Lo dicho por el mandatario en Palacio Nacional no sólo es replicado por los medios de comunicación, también alimenta a las redes sociales, en las que una caterva de cuentas identifican tanto a los periodistas que le hacen preguntas incómodas como a los señalados como obstructores de la Cuarta Transformación. El escarnio público y el miedo a ser apestado de la nueva hegemonía inhibe críticas y vence resistencias. Si bien la ley obliga a presentar denuncia penal si se conoce de algún delito (artículo 222 del Código Nacional de Procedimientos Penales), el Presidente opta por quedarse en el señalamiento mediático, un golpe dado que no se quita aunque después se demuestre que fue impreciso o, incluso, falso.

La ortodoxia del discurso épico se sostiene contra toda evidencia a grados orwelleanos. Los otros son conservadores, así se afirme que los divorcios son producto del neoliberalismo y se promueva una “Constitución Moral”; al Inai se le responsabiliza de la opacidad del expediente de Odebrecht, no obstante que el fiscal general, Gertz Manero, se amparó para no cumplir con la resolución del órgano garante y mantenerlo reservado; se acusa a la sociedad civil que se opone a la Guardia Nacional como continuista de la estrategia de los últimos dos sexenios, siendo que, como lo demostró el investigador Alejandro Madrazo en las audiencias del Senado, es exactamente al revés.

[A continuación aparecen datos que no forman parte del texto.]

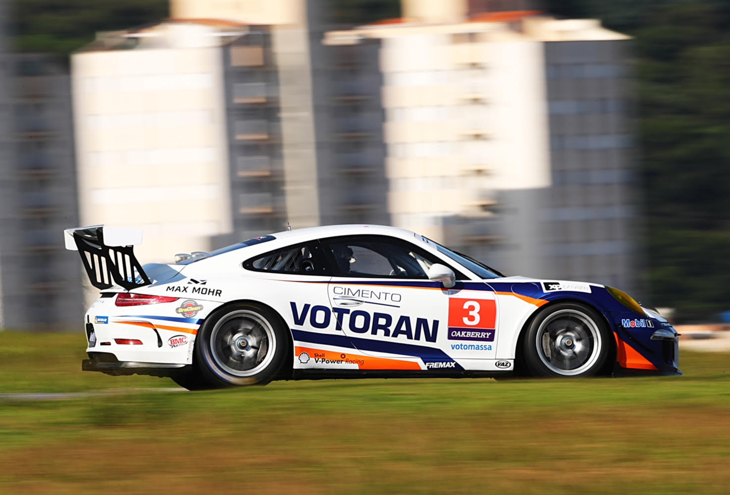 Compartilhar no Facebook Compartilhar no Twitter Compartilhar no Google+ Compartilhar no Pinterest eu primeiro compromisso acontece neste final de semana (13 à 14) no lendário circuito de Interlagos (SP). C Mohr Representando a cidade de Blumenau (SC), Cristian que está há três anos longe das pistas, faz sua estréia no Porsche Carrera Cup, disputando na classe 3.8. “Estou muito motivado e feliz em voltar, principalmente em poder acelerar um carro como este, que sempre sonhei (Porsche Carrera 911 GT3), com mais de 450 cv.” – disse o piloto. Alguns desafios fazem parte da sua estréia neste final de semana. “Terei vários desafios, como me adaptar a categoria, ao carro e aos meus adversários, pois será tudo novo, exceto a pista que a conheço bem” – finaliza Cristian, que têm passagens por várias categorias no automobilismo nacional. Cristian está confirmado nas duas primeiras etapas na modalidade SPRINT: Interlagos (SP), e em Goiânia (GO), prova marcada para os dias 17 e 18 de abril. Outra novidade, é que Mohr vai competir nas provas de longa duração, que também são organizadas pela categoria. E não estará sozinho. Kreis Jr, seu amigo de longa data, vai dividir o Porsche 911 GT3 #371. As provas deste final de semana serão transmitidas AO VIVO nos canais Sportv e redes oficiais da categoria no Facebook e Youtube. Programação Sexta-feira (13) 1º Treino livre – 13h às 13h45 Treino classificatório – 16h22 às 16h37 Sábado (14) Corrida 1 – 09h50 às 10h23 Corrida 2 – 13h20 às 13h48 Acompanhe também as notícias do piloto nas redes sociais: Instagram: @velocidadecuritiba Facebook.com/VelocidadeCuritiba Cristian Mohr é patrocinador por: Votorantim Cimentos, Votomassa e Max Mohr Grupo Fotos: Luca Bassani Cintia Azevedo – Velocidade Curitiba Assessoria e Marketing

La crisis de la democracia liberal que cunde en el mundo tiene que ver con la  incapacidad que ha tenido de responder a la creciente desigualdad tras el fin de la Guerra Fría, cierto, pero también porque en las actuales sociedades hipercomunicadas no predomina la comunicación racional, sino emocional. Elevar el debate público en el ágora digital es un reto civilizatorio para aprovechar el instrumento portentoso de la interconectividad horizontal. Pero en lo que eso ocurre, el púlpito presidencial de Palacio Nacional es un monumento a la posverdad.

               

*Integrante de la dirigencia colegiada del PRD.